EXERCISE AIM:
In the entries that follow, the first line to write out is the one containing "我現在住的地方叫做千里地區,是二戰後因為", and the last is the one containing "The non-managed media". Reproduce that stretch exactly, with nothing before or after it.

[Records from a data collection]
=== Begin Enclosure ===
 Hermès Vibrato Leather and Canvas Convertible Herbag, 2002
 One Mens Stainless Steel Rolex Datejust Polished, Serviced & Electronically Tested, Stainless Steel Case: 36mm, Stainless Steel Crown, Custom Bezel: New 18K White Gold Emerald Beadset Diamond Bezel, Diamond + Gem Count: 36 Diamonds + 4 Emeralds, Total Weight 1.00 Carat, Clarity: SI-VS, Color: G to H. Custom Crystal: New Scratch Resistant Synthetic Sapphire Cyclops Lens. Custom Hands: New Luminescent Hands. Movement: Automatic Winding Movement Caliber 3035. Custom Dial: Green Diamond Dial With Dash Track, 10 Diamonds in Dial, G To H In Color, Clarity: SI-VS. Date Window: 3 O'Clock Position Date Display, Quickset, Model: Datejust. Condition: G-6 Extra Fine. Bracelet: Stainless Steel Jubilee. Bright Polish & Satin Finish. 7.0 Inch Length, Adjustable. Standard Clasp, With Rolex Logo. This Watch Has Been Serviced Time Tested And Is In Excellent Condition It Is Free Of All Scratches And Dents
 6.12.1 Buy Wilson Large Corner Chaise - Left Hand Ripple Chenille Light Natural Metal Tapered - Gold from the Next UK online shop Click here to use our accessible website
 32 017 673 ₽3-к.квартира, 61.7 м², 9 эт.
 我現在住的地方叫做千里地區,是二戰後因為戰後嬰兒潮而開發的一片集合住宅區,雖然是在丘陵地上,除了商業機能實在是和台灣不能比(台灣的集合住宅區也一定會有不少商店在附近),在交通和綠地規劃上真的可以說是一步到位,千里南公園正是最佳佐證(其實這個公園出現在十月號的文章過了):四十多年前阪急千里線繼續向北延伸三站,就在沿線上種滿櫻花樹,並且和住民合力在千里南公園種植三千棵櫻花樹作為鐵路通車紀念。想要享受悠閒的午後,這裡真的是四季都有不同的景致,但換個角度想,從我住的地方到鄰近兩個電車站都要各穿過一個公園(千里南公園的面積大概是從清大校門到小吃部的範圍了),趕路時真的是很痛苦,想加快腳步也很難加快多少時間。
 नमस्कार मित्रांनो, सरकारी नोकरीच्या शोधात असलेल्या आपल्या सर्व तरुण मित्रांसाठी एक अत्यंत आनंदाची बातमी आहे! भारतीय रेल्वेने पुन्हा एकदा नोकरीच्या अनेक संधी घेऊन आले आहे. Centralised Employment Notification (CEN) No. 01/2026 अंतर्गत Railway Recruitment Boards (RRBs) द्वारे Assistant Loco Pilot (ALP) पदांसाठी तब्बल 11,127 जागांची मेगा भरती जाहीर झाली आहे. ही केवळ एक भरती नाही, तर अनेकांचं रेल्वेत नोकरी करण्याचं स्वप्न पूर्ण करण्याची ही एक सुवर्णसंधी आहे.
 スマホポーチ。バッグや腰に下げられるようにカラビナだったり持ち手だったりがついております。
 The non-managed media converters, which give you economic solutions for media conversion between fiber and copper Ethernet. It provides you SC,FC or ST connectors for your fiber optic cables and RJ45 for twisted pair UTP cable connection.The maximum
=== End Enclosure ===
=== Begin Enclosure ===
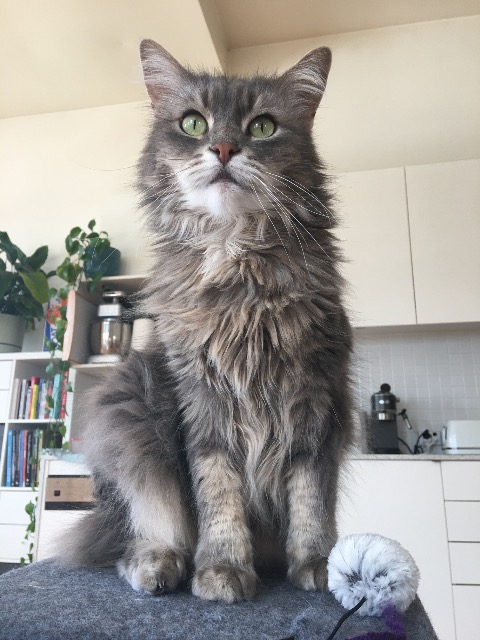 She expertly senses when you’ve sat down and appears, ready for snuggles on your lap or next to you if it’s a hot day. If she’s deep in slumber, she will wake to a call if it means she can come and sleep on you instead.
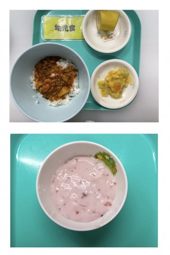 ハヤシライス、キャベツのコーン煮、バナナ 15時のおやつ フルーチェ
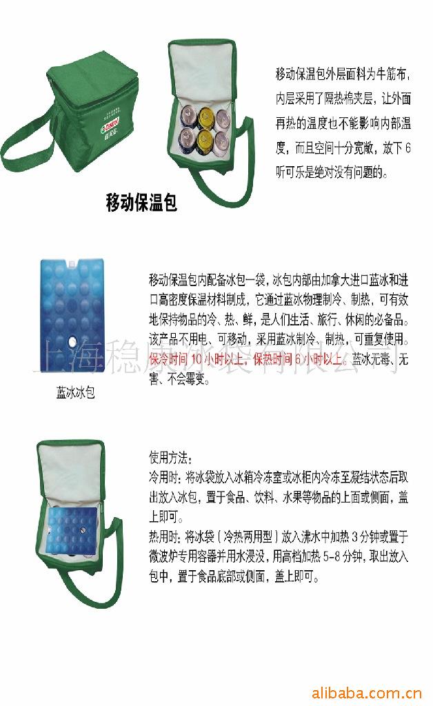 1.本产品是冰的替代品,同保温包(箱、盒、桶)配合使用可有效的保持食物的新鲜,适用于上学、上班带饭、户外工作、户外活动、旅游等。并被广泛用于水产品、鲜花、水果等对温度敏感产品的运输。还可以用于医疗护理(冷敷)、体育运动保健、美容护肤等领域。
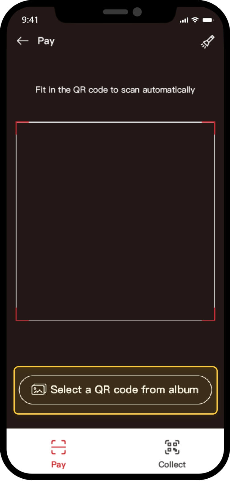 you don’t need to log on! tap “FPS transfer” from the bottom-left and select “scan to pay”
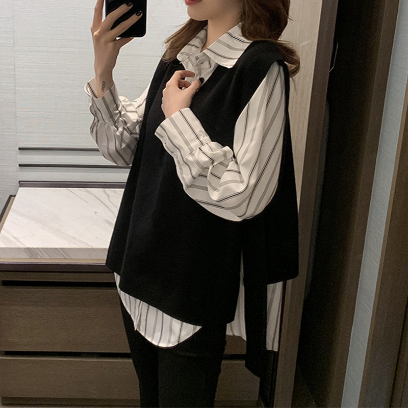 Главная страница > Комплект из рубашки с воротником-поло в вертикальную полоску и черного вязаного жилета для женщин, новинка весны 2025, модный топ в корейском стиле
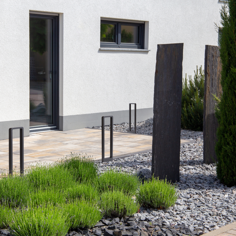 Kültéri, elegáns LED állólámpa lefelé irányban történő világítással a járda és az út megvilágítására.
=== End Enclosure ===
=== Begin Enclosure ===
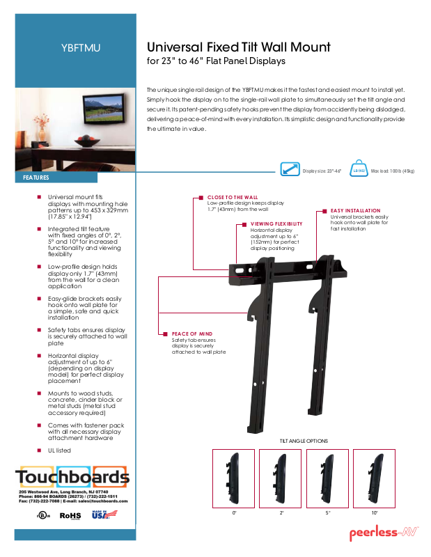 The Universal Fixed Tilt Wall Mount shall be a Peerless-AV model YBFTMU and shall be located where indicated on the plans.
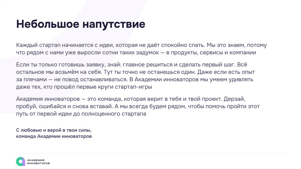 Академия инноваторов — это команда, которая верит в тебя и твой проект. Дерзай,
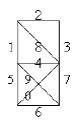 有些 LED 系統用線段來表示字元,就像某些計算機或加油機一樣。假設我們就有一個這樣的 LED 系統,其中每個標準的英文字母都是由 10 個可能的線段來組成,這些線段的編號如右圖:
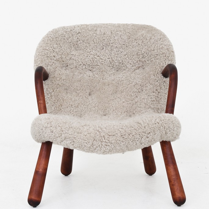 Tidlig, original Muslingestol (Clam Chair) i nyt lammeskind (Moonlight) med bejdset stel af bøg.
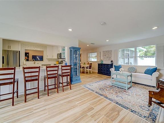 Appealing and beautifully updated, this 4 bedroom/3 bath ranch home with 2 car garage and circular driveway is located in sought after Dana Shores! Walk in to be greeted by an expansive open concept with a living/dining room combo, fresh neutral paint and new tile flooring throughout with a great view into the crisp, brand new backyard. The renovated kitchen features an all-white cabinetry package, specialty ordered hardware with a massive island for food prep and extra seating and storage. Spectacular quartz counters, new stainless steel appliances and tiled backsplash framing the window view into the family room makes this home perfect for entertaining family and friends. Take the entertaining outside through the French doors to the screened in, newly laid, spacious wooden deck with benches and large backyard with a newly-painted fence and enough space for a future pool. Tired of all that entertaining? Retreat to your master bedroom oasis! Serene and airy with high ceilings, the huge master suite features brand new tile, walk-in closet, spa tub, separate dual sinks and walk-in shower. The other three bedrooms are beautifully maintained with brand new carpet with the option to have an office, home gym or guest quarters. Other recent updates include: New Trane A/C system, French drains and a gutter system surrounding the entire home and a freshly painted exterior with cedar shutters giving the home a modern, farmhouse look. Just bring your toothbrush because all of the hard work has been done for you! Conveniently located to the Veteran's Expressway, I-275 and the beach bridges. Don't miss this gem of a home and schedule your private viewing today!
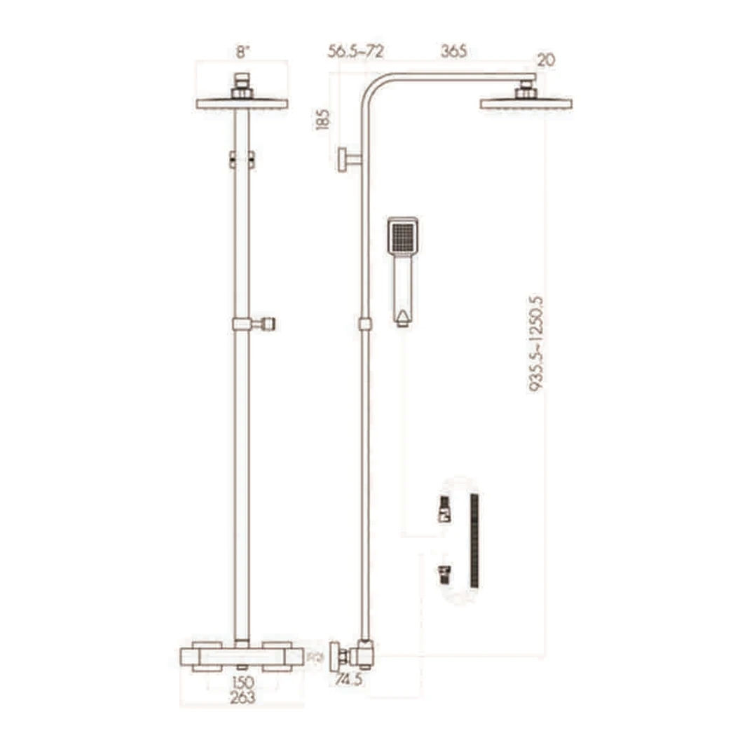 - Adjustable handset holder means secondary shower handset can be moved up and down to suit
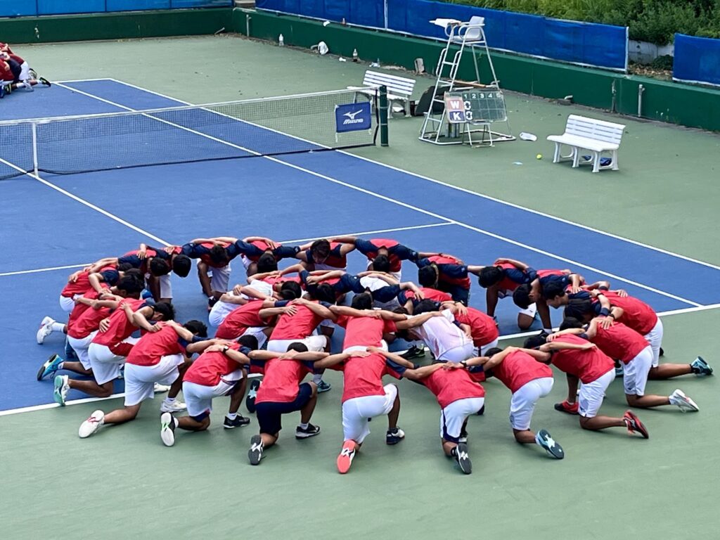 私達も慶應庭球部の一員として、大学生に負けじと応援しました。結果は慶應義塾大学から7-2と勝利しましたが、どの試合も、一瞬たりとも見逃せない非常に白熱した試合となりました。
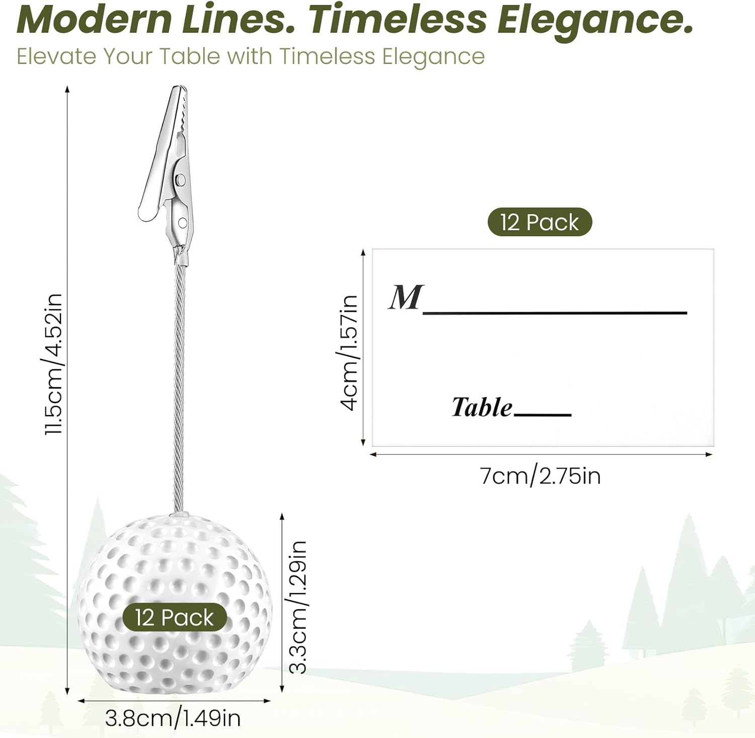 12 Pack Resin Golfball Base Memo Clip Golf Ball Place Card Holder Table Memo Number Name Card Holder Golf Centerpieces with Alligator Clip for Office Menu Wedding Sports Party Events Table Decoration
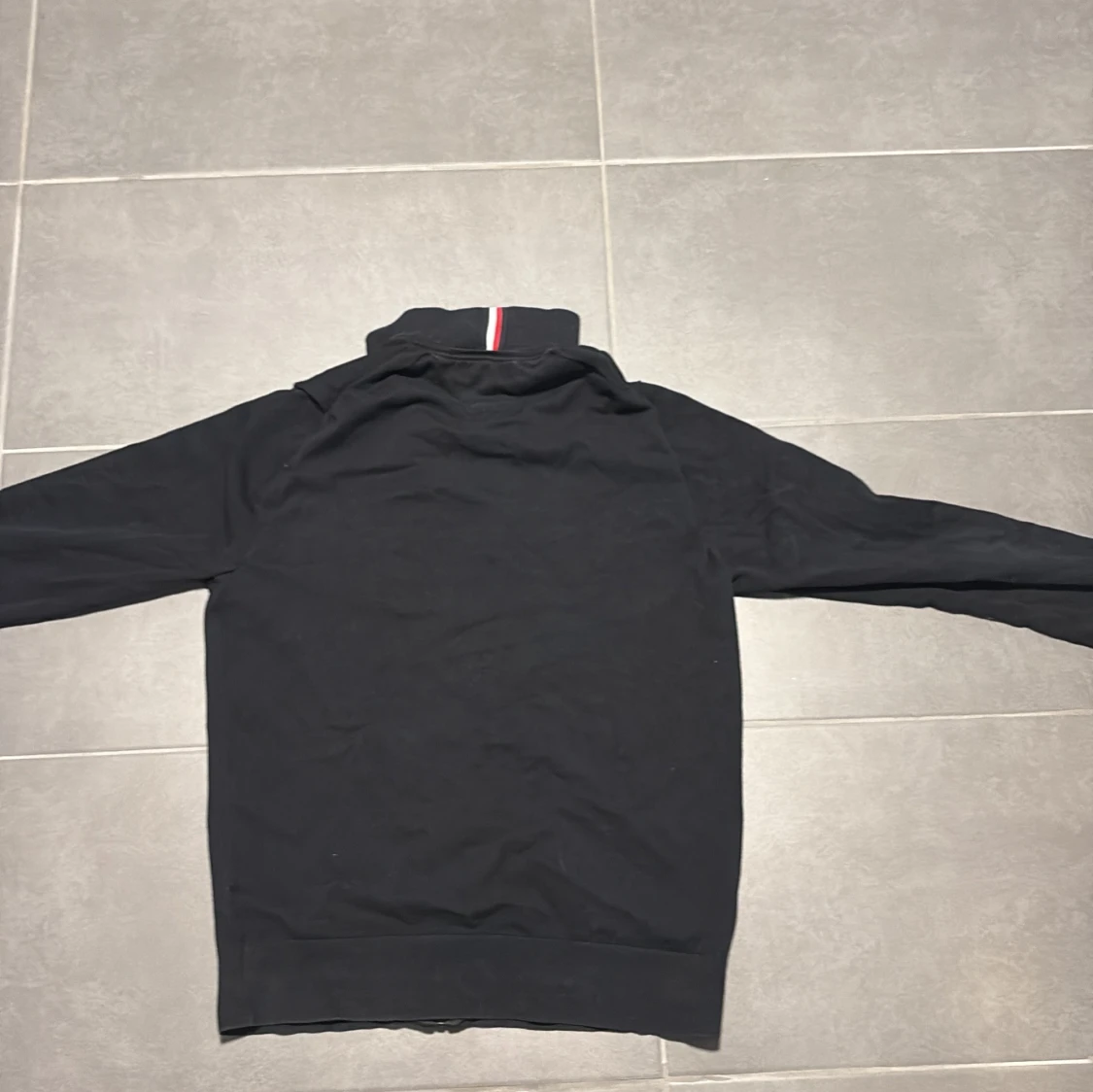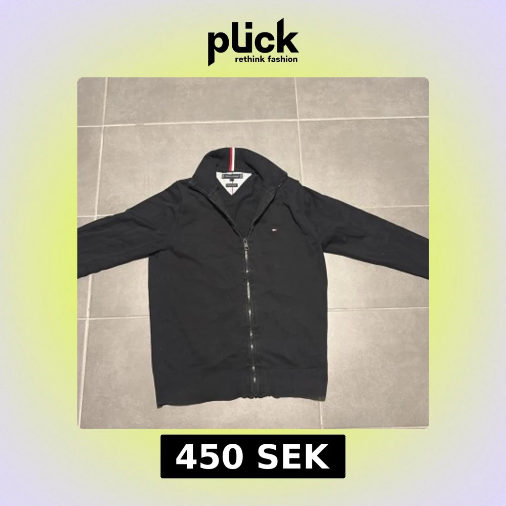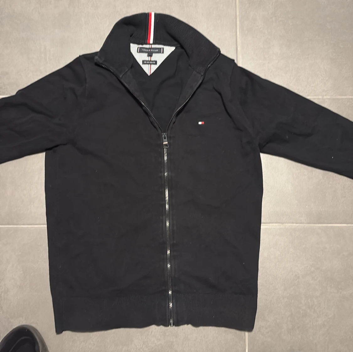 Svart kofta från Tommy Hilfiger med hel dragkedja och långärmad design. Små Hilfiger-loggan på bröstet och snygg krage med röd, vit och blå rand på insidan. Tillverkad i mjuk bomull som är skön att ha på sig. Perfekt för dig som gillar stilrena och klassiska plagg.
=== End Enclosure ===
TASK RESULT:
 我現在住的地方叫做千里地區,是二戰後因為戰後嬰兒潮而開發的一片集合住宅區,雖然是在丘陵地上,除了商業機能實在是和台灣不能比(台灣的集合住宅區也一定會有不少商店在附近),在交通和綠地規劃上真的可以說是一步到位,千里南公園正是最佳佐證(其實這個公園出現在十月號的文章過了):四十多年前阪急千里線繼續向北延伸三站,就在沿線上種滿櫻花樹,並且和住民合力在千里南公園種植三千棵櫻花樹作為鐵路通車紀念。想要享受悠閒的午後,這裡真的是四季都有不同的景致,但換個角度想,從我住的地方到鄰近兩個電車站都要各穿過一個公園(千里南公園的面積大概是從清大校門到小吃部的範圍了),趕路時真的是很痛苦,想加快腳步也很難加快多少時間。
 नमस्कार मित्रांनो, सरकारी नोकरीच्या शोधात असलेल्या आपल्या सर्व तरुण मित्रांसाठी एक अत्यंत आनंदाची बातमी आहे! भारतीय रेल्वेने पुन्हा एकदा नोकरीच्या अनेक संधी घेऊन आले आहे. Centralised Employment Notification (CEN) No. 01/2026 अंतर्गत Railway Recruitment Boards (RRBs) द्वारे Assistant Loco Pilot (ALP) पदांसाठी तब्बल 11,127 जागांची मेगा भरती जाहीर झाली आहे. ही केवळ एक भरती नाही, तर अनेकांचं रेल्वेत नोकरी करण्याचं स्वप्न पूर्ण करण्याची ही एक सुवर्णसंधी आहे.
 スマホポーチ。バッグや腰に下げられるようにカラビナだったり持ち手だったりがついております。
 The non-managed media converters, which give you economic solutions for media conversion between fiber and copper Ethernet. It provides you SC,FC or ST connectors for your fiber optic cables and RJ45 for twisted pair UTP cable connection.The maximum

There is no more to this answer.